The 5th Advisory Council meeting on price regulation was held last Friday, June 19, at the DOH. There were 3 topics discussed. First, an update on drugs that were recommended for MRP issuance by the President. Second, the proposed administrative order by the DOH on how to implement the MRP once the draft Executive Order (EO) is signed by the President. And third, the electronic data base on comparable drug prices, under the DOH website.
The DOH Secretary submitted the draft EO to the President only last Tuesday, June 16. The first official announcement of list of drugs under MRP was last June 8, during the Congressional Oversight Committee hearing at the Senate, where Sen. Mar Roxas, an LP Presidential candidate, most likely pressured the DOH to produce a list of drugs for MRP. The timing was suspect because it was one year since the enactment of RA 9502, June 6, 2008, and there was no clear national health emergencies.
Were there new list of drugs for MRP? Maybe, no one knows yet except the DOH and the Office of the President. Between the announcement at the Congressional Oversight Committee meeting last June 8 to June 16, there could have been new drugs or those in the mentioned list may have been removed. The DOH said from 100 molecules, they later pared the list down to 25 molecules. The final list is with the President, and she will also make her own consultations before signing the draft EO.
Many of us who attended the meeting last Friday were also surprised that the MRP was pushed through considering that the majority sentiment during the 4th Council meeting last June 5, was that MRP is not necessary now, it should have not been pushed. PCPI reiterated their position that they are not in favor of issuing MRP now. I also spoke and argued that price-setting is not a function of the government. Since we advocate minimal government, there is no way that we can support State intervention in setting prices, much less in price control.
After another long and extended discussion on the inappropriateness of medicine MRP, the topic shifted to BFAD’s Administrative Order (AO) on how the draft EO will be implemented. About 3 pages long, saying that drug manufacturers, distributors, retailers, etc. should put the label "price not to exceed the MRP of ____".
This proposal was shot down, not only by the pharma companies (multinationals and domestic) but also by leaders of drug stores. The main argument is that if there are signs that the prices of drugs that have been identified for MRP are coming down to 50 percent or lower, then no labeling will be necessary. Voluntary compliance should be encouraged. Since there are around 5,000 to 7,000 drugstores nationwide, the labelling will have to be done there – drugstore by drugstore, pack by pack, capsule by capsule, etc. This will present a new logistical nightmare. There was a proposal to have a "transition period" of 3 months between the issuance of the EO and the actual implementation of price labelling. Some civil society groups objected, but they were later convinced of the complexity of hurrying the labeling.
I also suggested that since the government has intervened a lot already in drug pricing, government should show some sacrifice. For instance, should price labeling be necessary for some drugs, it should be the government that should do it, not the drug suppliers who already suffered huge revenue cuts, if not suffer losses, with the mandatory and forcible price control. Many participants from the government agencies howled in disapproval to my proposal.
The 3rd and last agenda was the electronic data base for comparable drug prices. Although there are some noble goals for coming up with this list, aside from being mandated or suggested by the new law and its implementing rules and regulations (IRR), the list is projected to raise more high expectations from the public which will only result in high disappointment. For instance, some drugstores will cite prices for the e-database that are lower than their actual retail price and produce various reasons why they did so.

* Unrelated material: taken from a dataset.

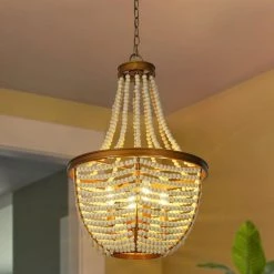 - RUSTIC GOLD CHANDELIER: The exquisite hand-made beaded chandelier not only fits perfectly with your home but also shows the unique taste of the owner
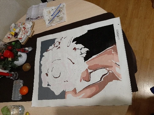 Шикарная картина) красочки укрывистые, перерывают с первого слоя все цифры и линии. Сначала переживала, что краски может не хватить, но изготовителем все предусмотрено. Краска осталась в избытке. Спасибо продавцу за мои скрашенные зимние вечера

One vocal participant in the meeting commented on the side that we need minimal government on issues like drug pricing. Thumbs up to him, actually a former friend way back from our undergraduate days at the University of the Philippines (UP) in Diliman campus.
Earlier, there was a discussion how to expand the number of participants in the Advisory Council meetings since certain important players were left out. For instance, people have assumed that all multinational pharma companies are members of PHAP and so, PHAP officials can articulate their sentiments. Turns out that there are 3 multinational pharma companies that are not members of PHAP – Pfizer, Servier, and Merck. So these companies are expected to be invited in the next Council meeting next month, before the State Of the Nation Address (SONA) of the President.
The quality of discussions and debates in the Council meetings is high and very transparent. People who have “great” ideas on something can expect that it can be shot down if such grand ideas are not backed up by robust philosophies and solid data. Unlike in Congressional hearings where the presence of legislators is very imposing and dominating, the discussions in the Advisory Council meetings are more free wheeling, fast and frank.
Meanwhile, what can those multinational pharma companies do to question the inclusion of their popular and saleable products in the MRP list? I think they should write to the President, arrange an industry delegation (PHAP, PCPI, other pharma companies that belong to neither) for a meeting with her. There is a unanimous voice from the industry that MRP will be counter-productive at this time, especially with no clear and apparent national health emergency.
Of course there is a possibility, even a small one, that when the pharma industry leaders would come to malacanang for a dialogue with the President, political and financial extortion is a possibility. The 2010 election is less than 11 months from now, all politicians and political parties are stockpiling money and cash.
But then again, this is just a conspiracy theory.